Система экономических мер, предпринятых партией при всей их противоречивости, в 20-е годы все-таки позволила селу подняться, окрепнуть. И вот опять «смена вех» – коллективизация. По данным краеведческого музея, раскулачено 15 хозяйств, а по данным сельсовета – 12. Но нам дали цифры за 1929–1930 годы – «251 хозяйство, население – 1230 человек, в т.ч. 602 мужчины и 628 женщин». А «в 1938–1940 годы население – 700 человек, из них – 340 трудоспособных колхозников». Вот мы и получили те цифры, которые скрывают. Это был, на наш взгляд, самый мощный удар по селу. Выдрали с корнем нравственно устойчивые, генетически здоровые и трудолюбивые семьи. Голод 1921 года, потом коллективизация и «раскулачивание церквей» действительно «обессилили» село численно, нравственно и материально.
Мы спросили Марию Максимовну Додонову: «Как же выжили?»
«На бога не надеялись, на государство тоже, надеялись сами на себя».
Крепкий нравственный стержень в народе был, в простом человеке. Невозможно было еще сломить мужика, крестьянина. Этим и только этим можно объяснить экономический рывок села в предвоенные годы.
Урожаи 1938–1940 годов были хорошие. В 1940 году было выдано на трудодни колхозникам по 5 кг зерна и по 2 рубля на один трудодень. Последний предвоенный год был сытым. «С хлебом были».
Отечественная война не обошла стороной Успенку. На фронт ушли мужчины. Держава оперлась на плечи женщин и детишек. Колхозная работа, непосильная и для мужиков, легла на их плечи.
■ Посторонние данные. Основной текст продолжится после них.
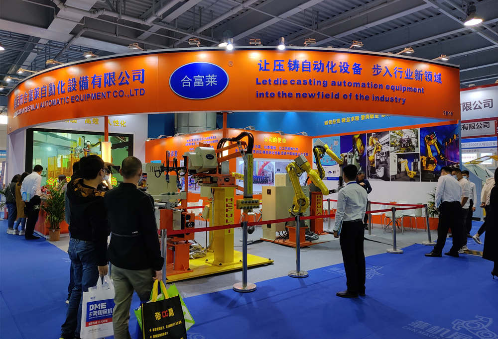 ![]() 2021年12月9日-13日,為期四天的“2021 DME東莞壓鑄展”在東莞厚街廣東現代國際會展中心勝利舉辦。得益于國家在疫情防控方面的卓越表現,中國經濟強勁復蘇,加之外貿需求的爆發式增長,在國內、國際雙循環帶動下,制造業一片欣欣向榮。壓鑄行業發展勢頭同樣迅猛,激發了產業鏈上下游企業、專業觀眾參展參會的熱情。 東莞市合富萊自動化設備有限公司(“東莞合富萊”)系行業領先的壓鑄自動化設備及生產解決方案提供商,為客戶提供鋅、鋁合金壓鑄機械手(給湯機、噴霧機、取件機)和機器人壓鑄島解決方案。東莞合富萊今年為第二次“亮相”DME東莞壓鑄展,落座于7號館7B10展位。近百平米的碩大展臺,展示多套技術先進的壓鑄自動化設備,以及噴霧、取件機器人壓鑄島。

Мария Ивановна Башаева рассказывает: «В семье было пятеро детей. Отец работал в колхозе разнорабочим, мама – в бригадах. В годы войны надеялись сами на себя. Люди были дружные. Когда ехали в поле, играли песни».
«Какие?»
«“Шумел камыш”, “Иду по улице одна, спешу я на свидание”… Частушки пели разные, что в голову придет.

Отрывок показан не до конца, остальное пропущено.